Adventitious roots form from non-root tissues as part of normal development or in response to stress or wounding. The root primordia form in the source tissue, and during emergence the adventitious roots penetrate the inner cell layers and the epidermis; however, the mechanisms underlying this emergence remain largely unexplored. Here, we report that a regulatory module composed of the AP2/ERF transcription factor ABSCISIC ACID INSENSITIVE 4 (ABI4), the MAP kinases MPK3 and MPK6, and the phosphatase PP2C12 plays an important role in the emergence of junction adventitious roots (J-ARs) from the root–hypocotyl junctions in Arabidopsis thaliana. ABI4 negatively regulates J-AR emergence, preventing the accumulation of reactive oxygen species and death of epidermal cells, which would otherwise facilitate J-AR emergence. Phosphorylation by MPK3/MPK6 activates ABI4 and dephosphorylation by PP2C12 inactivates ABI4. MPK3/MPK6 also directly phosphorylate and inactivate PP2C12 during J-AR emergence. We propose that this “double-check” mechanism increases the robustness of MAP kinase signaling and finely regulates the local programmed cell death required for J-AR emergence.
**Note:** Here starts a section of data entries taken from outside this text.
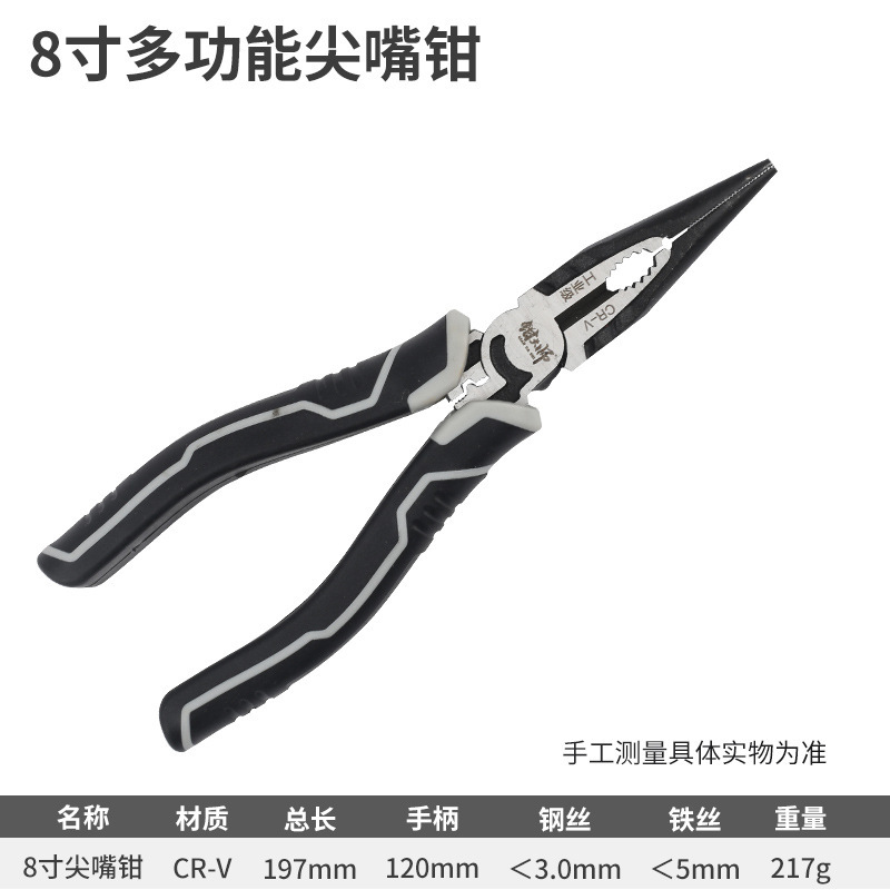 산업 등급 편심 노동 절약 와이어 펜치 크롬 바나듐 스틸 Cr_V 뾰족한 코 펜치 전기 기술자 유지 보수 대각선 펜치 8 인치 Vice
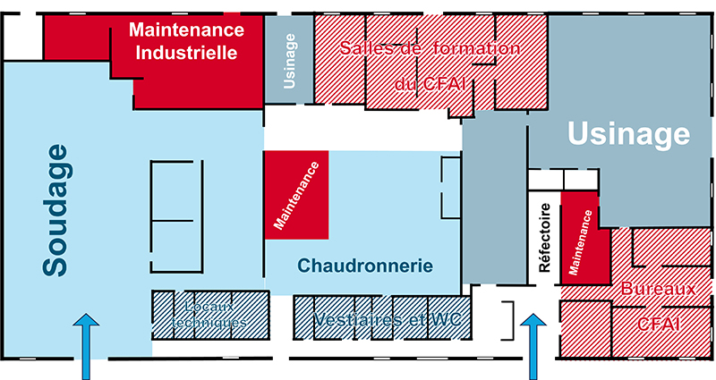 Dédiés aux formations en Chaudronnerie et Soudage l'espace découpe au premier plan et les 2 salles de formation au deuxième plan.
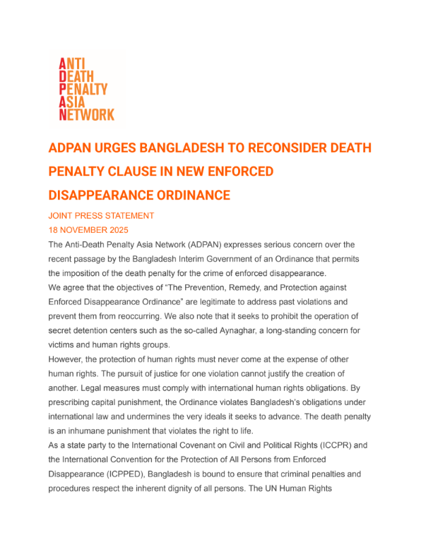The Anti-Death Penalty Asia Network (ADPAN) expresses serious concern over the recent passage by the Bangladesh Interim Government of an Ordinance that permits the imposition of the death penalty for the crime of enforced disappearance. We agree that the objectives of “The Prevention, Remedy, and Protection against Enforced Disappearance Ordinance” are legitimate to address past violations and prevent them from reoccurring. We also note that it seeks to prohibit the operation of secret detention centers such as the so-called Aynaghar, a long-standing concern for victims and human rights groups.

不定根从非根组织形成，作为正常发育的一部分或对压力或创伤的反应。根原基在源组织中形成，并且在出苗期间不定根穿透内部细胞层和表皮；但是，这种出现的潜在机制在很大程度上仍未得到探索。在这里，我们报告说，由AP2 / ERF转录因子ABSCISIC ACID INSENSITIVE 4（ABI4），MAP激酶MPK3和MPK6和磷酸酶PP2C12组成的调控模块在结不定根（J-ARs）的出现中起重要作用）从拟南芥的根-下胚轴交界处。ABI4负调节J-AR的出现，防止活性氧的积累和表皮细胞的死亡，否则会促进J-AR的出现。MPK3 / MPK6的磷酸化激活ABI4，PP2C12的去磷酸化使ABI4失活。在J-AR出现期间，MPK3 / MPK6也直接磷酸化PP2C12并使之失活。我们建议这种“双重检查”机制增加MAP激酶信号传导的鲁棒性，并精细调节J-AR出现所需的局部程序性细胞死亡。